Filling a Conspicuous Gap
The need for a crimes against humanity treaty is all the more apparent when considering that an isolated war crime of murder or peacetime crime of torture triggers obligations of repression under the 1949 Geneva Conventions and 1984 Convention Against Torture, respectively, whereas – to give but one example – the crime against humanity of widespread or systematic murder against a civilian population in peacetime falls into a treaty void. As a “catch all” crime covering a broad spectrum of atrocities, a treaty on crimes against humanity would fill this conspicuous gap, and make a significant contribution to the consolidation and rationalization of disparate international criminal law treaties.

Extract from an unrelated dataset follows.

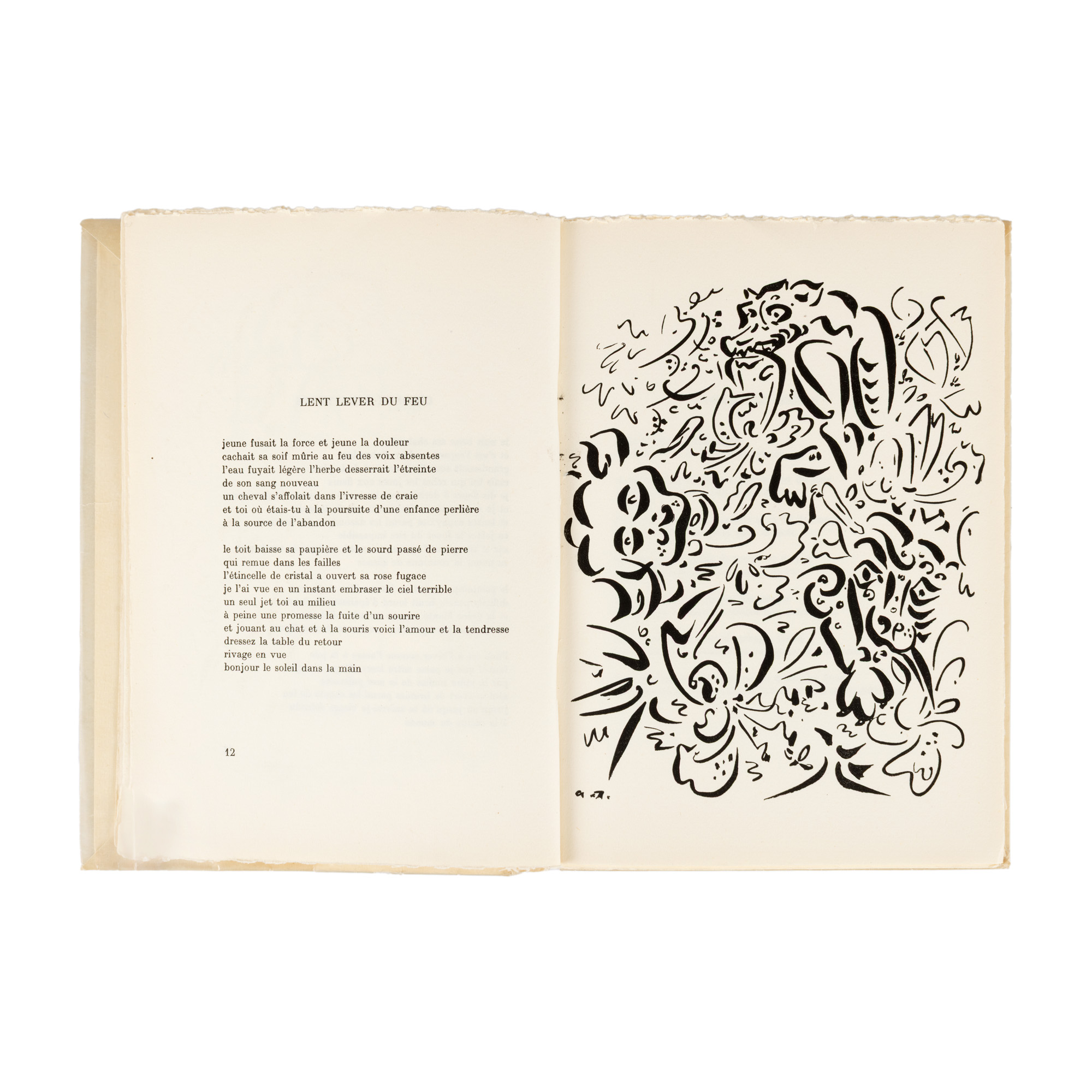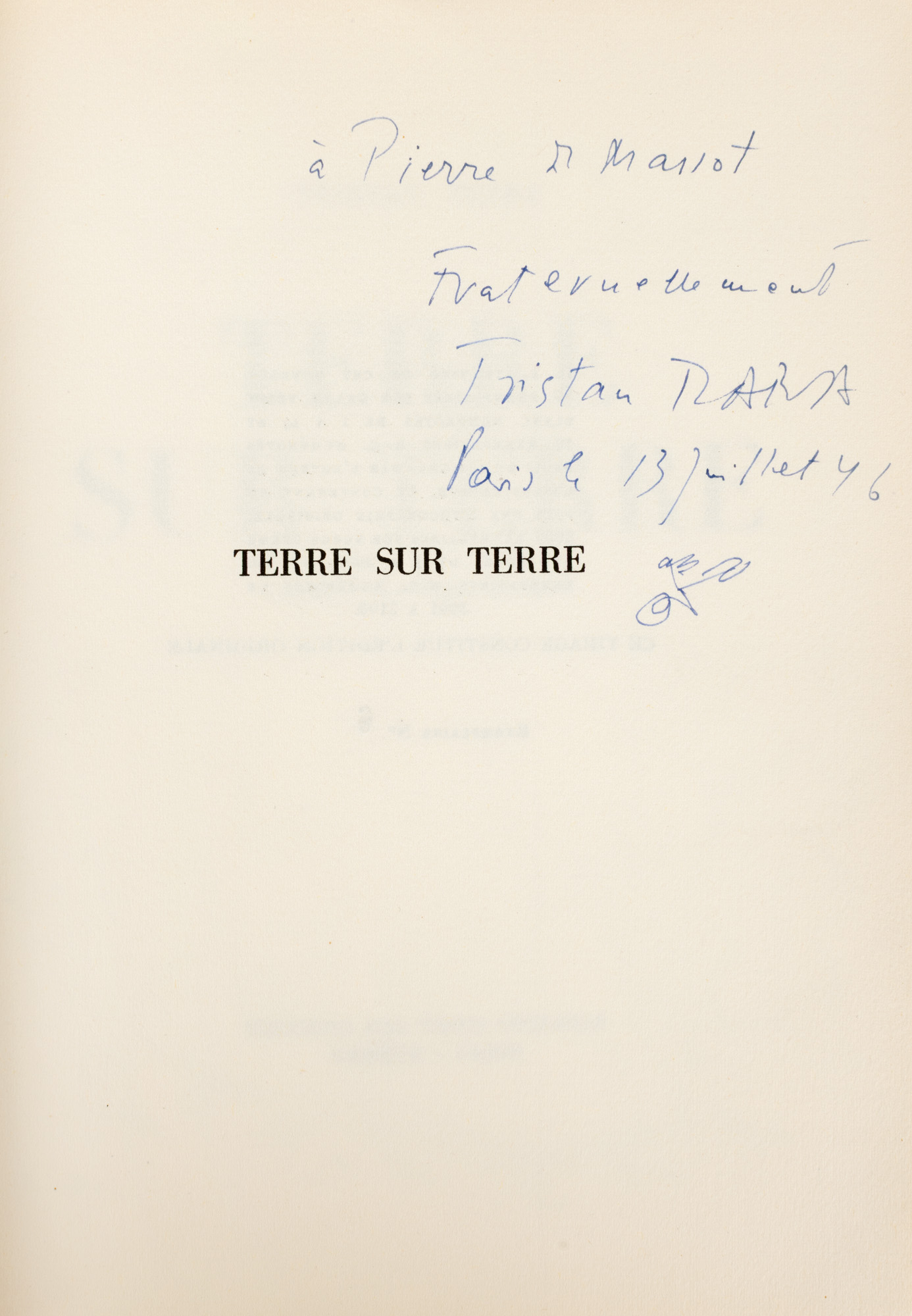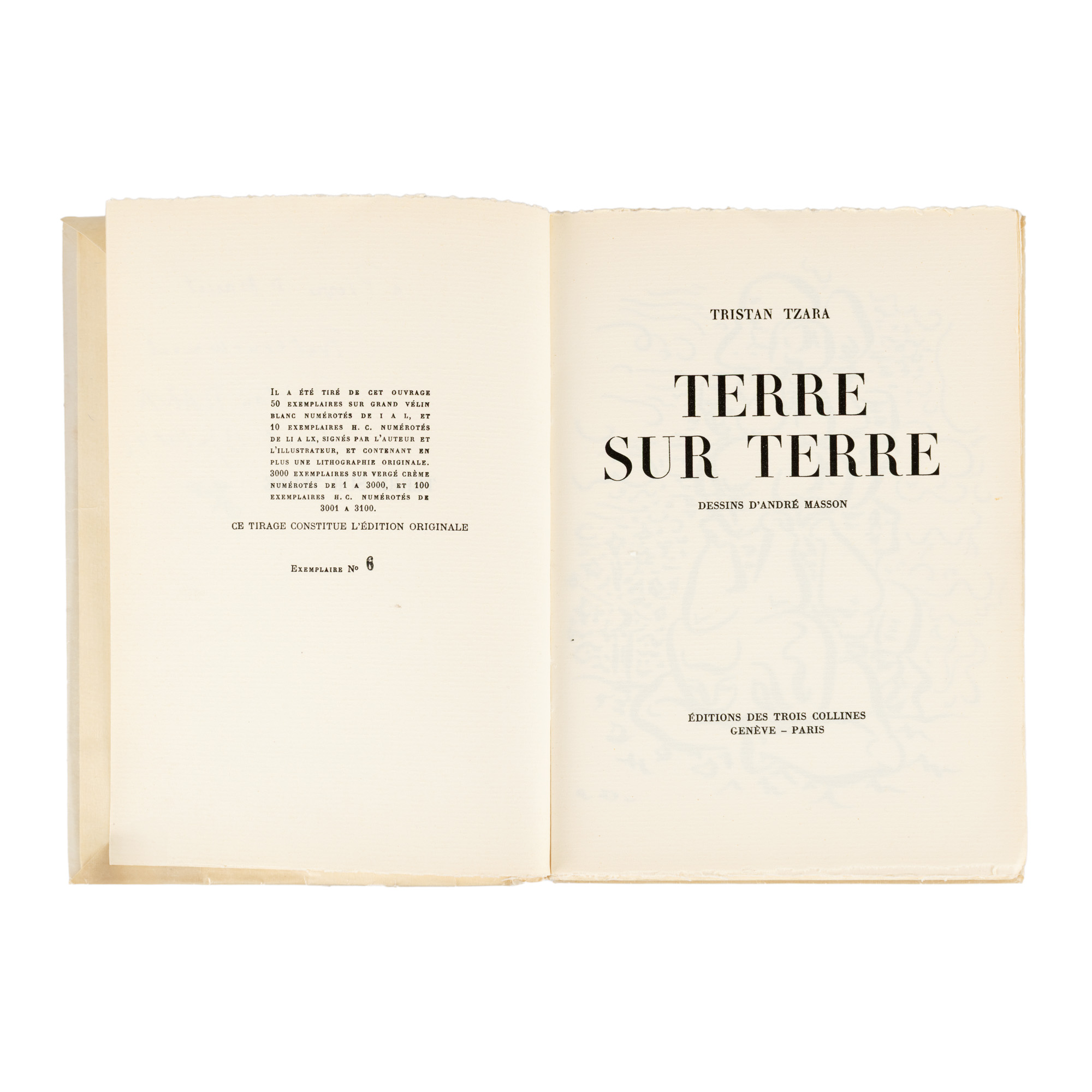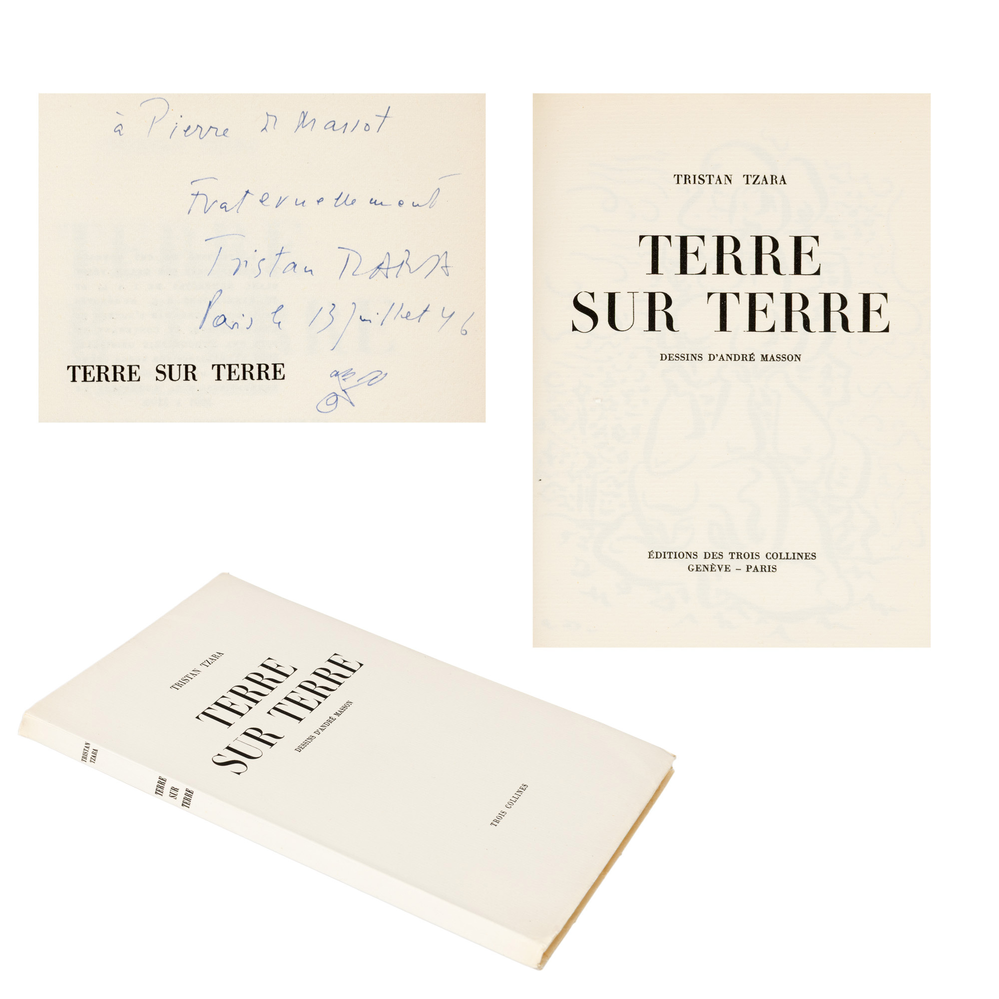 57. ”Terre sur terre”, de Tristan Tzara, franceză, Paris, 1946, exemplar 6/3000, cu desene de André Masson și dedicația cu semnătura olografă a autorului

Some might argue that it is not important to have a Crimes Against Humanity Convention because the Genocide Convention already addresses “the crime of crimes.” It is a misconception, however, that crimes against humanity is somehow a lesser offence than genocide in international law. First, the exclusion of political and social groups from the protections of the Genocide Convention means, for example, that the systematic murder, enslavement, and starvation of “class enemies” by the Khmer Rouge qualify as crimes against humanity but not genocide. It cannot be said that these heinous atrocities are somehow less grave merely because the label of genocide does not apply.
Second, it cannot be said in abstracto that just as murder is categorically more serious than assault in national laws, genocide is necessarily more serious than crimes against humanity. For instance, because genocide requires an intention to physically or biologically destroy a group, the killing of a hundred members of an ethnic group by a militia leader in a small village could qualify as genocide whereas the mass deportation of a million members of the same group (i.e. without an intention to destroy the group) by a head of state might only qualify as crimes against humanity. It cannot be said that the former is inherently more serious than the latter. The sentencing practice of international criminal tribunals suggests that genocide is more serious than crimes against humanity only when applied to the same perpetrator in respect of the same acts. The discourse that relegates any mass atrocity that doesn’t qualify as genocide to a black hole of “second best” remains oblivious to the compelling historical legacy and serious gravity of crimes against humanity.
It is time for the U.N. to reunite genocide with its genus by concluding a parallel treaty. The International Law Commission (“ILC”) draft Convention on the Prevention and Punishment of Crimes Against Humanity before the U.N. General Assembly provides a unique opportunity to finally address this glaring omission in the architecture of global justice.